В “Редакции Елены Шубиной” вышел сборник рассказов “Счастье-то какое!”. “Правмир” печатает рассказ Екатерины Златорунской “Голубое или розовое”

Она была младшей сестрой моей мамы, но я никогда не называла ее тетей, только по имени, и не Аля, а Алька.

Мама дежурила по ночам на «скорой», папа — в котельной. Алька ночевала со мной и моей сестрой. Утром сестра уходила в школу, и мы оставались вдвоем. Каждый раз мы рассматривали альбом с фотографиями, оливково-бежевого цвета, бархатный на ощупь, с плотными картонными листами, перемежавшимися припудренной калькой. Она приносила его тайно и никому, кроме меня, не показывала, но и мне разрешала смотреть только вместе с ней.

Все фотографии были подписаны ее аккуратным почерком. Место и дата.

На фотографиях — молодые дед и бабушка по отдельности и вместе. Таких у нас дома не было. Дед кудрявый, а бабушка в черной шляпке, и шляпкой Алька гордилась особенно. Потом они же и три девочки на крыльце деревенского дома — двенадцатилетняя девочка (моя мама), семилетняя тетя и двухгодовалая Аля — маленькая, кудрявая, акварелью проступавшая сквозь серую бесцветность фотографии. Бабушка уже постаревшая, в привычном белом платке, концы платка заведены назад и связаны узлом на затылке. Дед закрыл рукой лицо от солнца. Алька смахивала на их лица стрекозиное крыло бумаги и переворачивала страницу.

На прозрачную кальку она сводила картинки с открыток и раскрашивала их цветными карандашами — длинные стебли гиацинтов, воздушные шары, румяных малышей, окруживших Деда Мороза. Чтобы не смазать рисунки, она держала локоть высоко над бумагой или клала между кистью руки и рисунком салфетку.

Я рисовала в своем блокноте, но мне хотелось на этих туманных листах, вуалью накрывающих лица бабушки и дедушки. Она не разрешала. Пока была у нас, прятала альбом, как сокровище, от всех в шкаф, далеко, в темноту, в безопасность. Я доставала и смотрела.
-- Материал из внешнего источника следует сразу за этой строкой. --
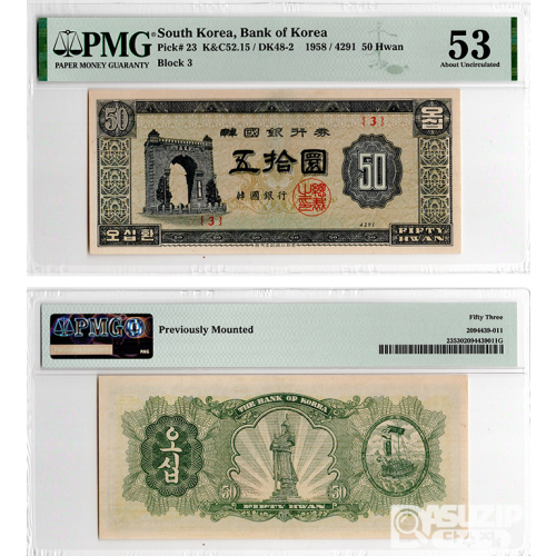 1958년 50환권(독립문) 판번호 3번/ PMG 53
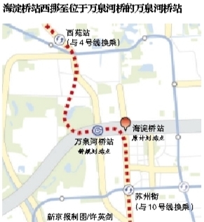 记者注意到,此前的规划方案中,西苑站和苏州街站之间是海淀桥站,位于颐和园路与北四环交叉的海淀桥一带。而此次调整后的方案中,海淀桥站取消了,而是向西挪至万泉河路和北四环交叉的万泉河桥一带,成为一个新的站点——万泉河桥站。

Со временем прозрачные листы от множества просмотров затрепались и порвались.

Она покупала две одинаковые раскраски, одну — мне, другую — себе. Я закрашивала черно-белые фигуры как попало, она — аккуратно, кисточкой, не выходя за края. Мы лежали на полу. На газете — коробочки с красками и стакан с водой. Совсем не разговаривали. Сколько мне было? Три? Четыре? Если бы вспомнить.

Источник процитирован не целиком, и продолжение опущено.